Problem details » In the records below, find the line with "Thanks for popping", then retype it and every following line exactly, stopping after the line with "Skip-Bo is the". Leave the pictures out.

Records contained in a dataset
..............................

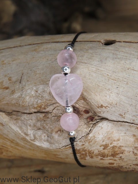 Minimalistyczna bransoletka z sercem z kwarcu różowego
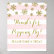 Thanks for popping by popcorn bar sign poster for baby shower, bridal shower, or wedding in light pink and white stripes pattern with gold snowflakes for winter celebrations.
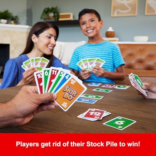 Skip-Bo is the sequencing card game from the makers of UNO game that's easy to learn and all kinds of fun Players use skill and strategy to create stacks of sequentially numbered, ascending cards (2,3,4) until they have no more left to play. The first player to deplete their stockpile wins. Skip-Bo Cards are wild and mix up the action -players should use them wisely. Bring Skip-Bo along on game night and pile on the fun Includes 162 cards and instructions. Designed for 2 to 6 players ages 7 years old and up. Colors and decorations may vary.
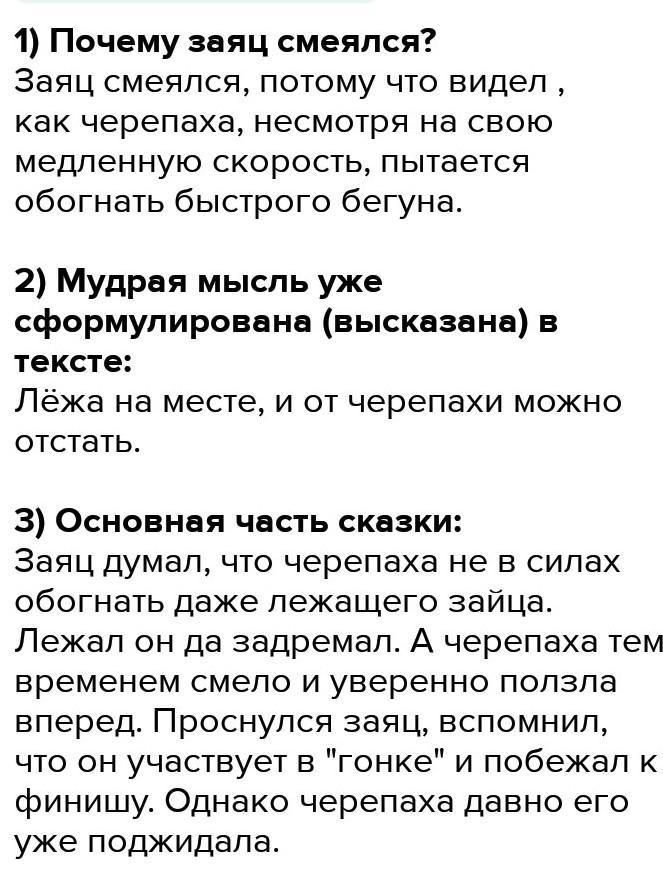 113. Прочитайте начало и конец сказки. Однажды Заяц и Черепаха поспорили, кто быстрее обежит лесную поляну. Черепаха пусти- лась в путь, а Заяц лежит под кустом, посмеи- вается: «Спеши, спеши, черепаха, всё равно тебя обгоню». Бегать-то он умел, но не знал того, что, лёжа на месте, и от Черепахи можно отстать, • Догадайтесь, почему Заяц смеялся. • Какая мудрая мысль высказана в заключительной части сказки? Придумайте основную часть сказки. Можно короткий вариант Основной части сказки
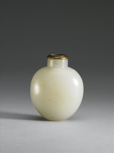 橢圓形鼻煙壺,無紋飾,帶銅蓋,象牙匙。牙匙用以舀出鼻煙,或盛在小碟上,或直接放在拇指背上,入鼻嗅用。此為一組二十五件白玉煙壺的其中一件。
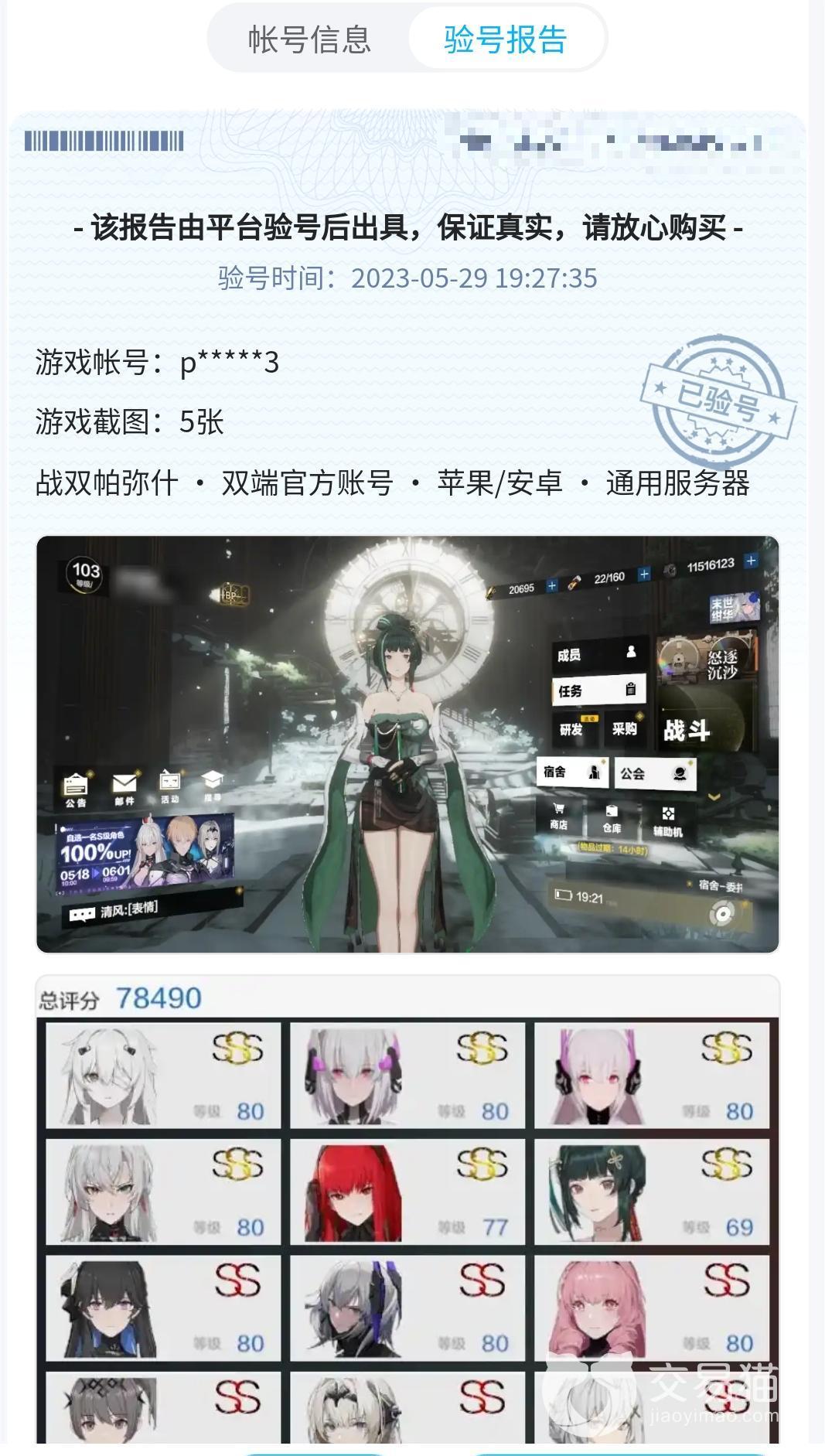如果小伙伴們碰到了自己感興趣的戰(zhàn)雙帕彌什游戲賬號,可以點進去更加細致的了解,圖中戰(zhàn)雙帕彌什的小伙伴們可以看見,賬號交易貓平臺是驗過了的,也出具了對應(yīng)的驗號證明,所以賬號是真實的,做不了假的,官方不會開具假證明。除了證明以外小伙伴們還可以看見戰(zhàn)雙帕彌什游戲賬號內(nèi)都有哪些角色,以便于自己選擇。

..............................

Answer box »
 Thanks for popping by popcorn bar sign poster for baby shower, bridal shower, or wedding in light pink and white stripes pattern with gold snowflakes for winter celebrations.
 Skip-Bo is the sequencing card game from the makers of UNO game that's easy to learn and all kinds of fun Players use skill and strategy to create stacks of sequentially numbered, ascending cards (2,3,4) until they have no more left to play. The first player to deplete their stockpile wins. Skip-Bo Cards are wild and mix up the action -players should use them wisely. Bring Skip-Bo along on game night and pile on the fun Includes 162 cards and instructions. Designed for 2 to 6 players ages 7 years old and up. Colors and decorations may vary.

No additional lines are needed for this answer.